Jakarta, CNBC Indonesia – Hukum Indonesia di bidang ekonomi belum sepenuhnya menjamin keadilan gender. Hal itu terlihat dari laporan Women, Business, and the Law 2023 yang dikeluarkan Bank Dunia, Kamis (2/3/2023).
Setiap tahun, Bank Dunia menilai kemampuan undang-undang nasional untuk menjamin persamaan hak ekonomi bagi laki-laki dan perempuan. Hasilnya, Indonesia akan mendapatkan skor kumulatif 70,6 pada tahun 2023.
Jika dibandingkan dengan negara tetangga di kawasan Asia Tenggara (ASEAN), Indonesia masih berada di posisi terbawah yaitu peringkat 8 dari 11 negara. Berdasarkan data tersebut, Indonesia masih tertinggal dari Laos dan Vietnam (88,1), Timor Leste (86,3), Singapura (82,5), Kamboja (81,3), Filipina (78,8), dan Thailand (78.,1).
IKLAN
GULIR UNTUK LANJUTKAN KONTEN
Namun pencapaian Indonesia pada tahun 2023 akan meningkat dibandingkan dua tahun sebelumnya.
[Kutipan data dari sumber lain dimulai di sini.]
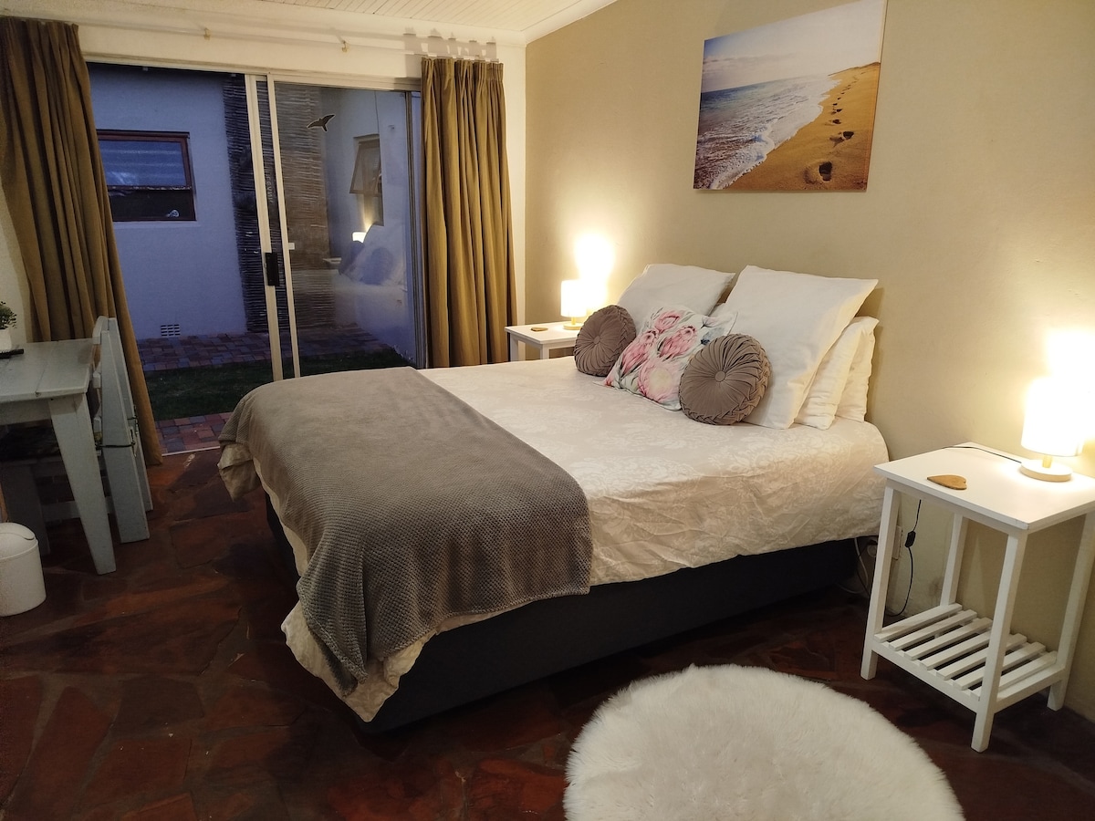 Ideal for short stays. Secure off-street parking. Convenient position - 5 mins from Airport, St George's Park, Grey schools. 7 mins to Beachfront. 35 mins to Addo Elephant Park. Located in the garden of a family home and the owner's art studio. Full en-suite bathroom the kitchenette has a kettle, microwave and fridge. Queen double bed, free Wifi, solar electricity. Extra single mattress can be placed on the floor at no extra charge. Cafés, shopping centre within 5 minutes walking distance.

Pada tahun 2022 skor kumulatif Indonesia menjadi 64,4.
Bank Dunia menyebutkan skor kumulatif tersebut diperoleh berdasarkan ketersediaan regulasi hukum terkait delapan indikator di masing-masing negara, yakni
Jaminan kebebasan mobilitas perempuan
Perlindungan di tempat kerja
Bayar ekuitas
Kesetaraan dalam hubungan suami istri
Kesetaraan dalam pengasuhan anak
Kesempatan bisnis yang setara
Kesetaraan hak kepemilikan aset
Kesetaraan manfaat pensiun
“Ketika undang-undang nasional membatasi perempuan, gagal melindungi perempuan dari kekerasan, atau mendiskriminasi mereka di tempat kerja, perempuan cenderung tidak berpartisipasi penuh dalam perekonomian,” tulis Bank Dunia dalam laporan tersebut, dikutip Rabu (8/11/2023). . ).
Bank Dunia melaporkan bahwa beberapa insiden terhadap perempuan yang terjadi menunjukkan bahwa Indonesia mengalami kemunduran dalam perjalanan menuju kesetaraan gender.
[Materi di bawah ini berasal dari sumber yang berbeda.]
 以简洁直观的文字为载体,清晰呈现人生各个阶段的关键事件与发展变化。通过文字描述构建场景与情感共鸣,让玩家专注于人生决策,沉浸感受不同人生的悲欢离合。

Contoh yang menjadi bukti nyata Bank Dunia adalah kasus pelecehan seksual di Kementerian Koperasi dan UKM. Dalam kasus ini, Bank Dunia menekankan upaya penyelesaian kasus berupa polisi yang ingin menikahkan korban dengan pelaku pada 2022.
Kendati demikian, Bank Dunia menyatakan bahwa Indonesia merupakan contoh menarik dari jalan menuju kesetaraan hukum, melalui beberapa perubahan Undang-Undang (UU) yang dianggap berpihak pada perempuan.
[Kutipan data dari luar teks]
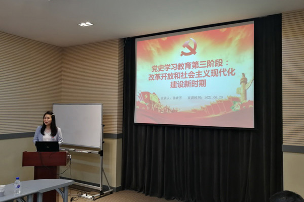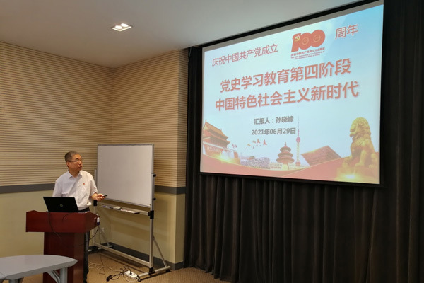 随后,党委委员、副所长孙晓峰作《党史学习教育第四阶段中国特色社会主义新时代》主题交流报告。报告详细回顾了党的十八大以来,以习近平同志为核心的党中央,团结带领全党全国各族人民,举旗定向,谋篇布局,从理论和实践结合上深刻回答了新时代坚持和发展什么样的中国特色社会主义、怎样坚持和发展中国特色社会主义这个重大时代课题,创立习近平新时代中国特色社会主义思想,统筹推进“五位一体”总体布局、协调推进“四个全面”战略布局,坚持完善和发展中国特色社会主义制度,推动党和国家事业取得历史性成就、发生历史性变革,推动中国特色社会主义进入新时代。孙晓峰同志号召与会人员要牢记自己是“国家队”“国家人”,要心系“国家事”,肩扛“国家责”。

Dalam laporan tersebut, Bank Dunia mencermati bahwa reformasi kesetaraan gender di Indonesia pertama kali dimulai pada tahun 1975, yakni sejak diberlakukannya Undang-Undang (UU) No. 1 tahun 1974 tentang perkawinan. Melalui undang-undang ini, Indonesia dianggap telah menghilangkan batasan kemampuan perempuan, yang berarti mereka dapat melakukan apa saja secara mandiri tanpa izin dari suami mereka.
Selain itu, perempuan menikah di Indonesia dapat memilih tempat tinggal dan mendapatkan pekerjaan yang juga dipandang sebagai reformasi kesetaraan gender di Indonesia.
“Secara keseluruhan, tujuh poin data di empat indikator berubah dari ‘tidak’ menjadi ‘ya’ karena reformasi hukum ini,” kata Bank Dunia.
“Skor Indonesia melonjak pada tahun 2004 dengan diperkenalkannya Undang-undang Ketenagakerjaan No. 13 tahun 2003, yang melarang diskriminasi berbasis gender dalam pekerjaan dan menghilangkan batasan sejarah pada tugas dan industri di mana seorang perempuan dapat bekerja,” lanjutnya.
Bank Dunia mengatakan bahwa selama lima dekade terakhir, lanskap hukum Indonesia telah berkembang. Pada tahun 1970, perempuan hanya memiliki 20 persen hak yang diberikan kepada laki-laki. Namun, pada tahun 2022 perempuan akan memiliki lebih dari 70 persen.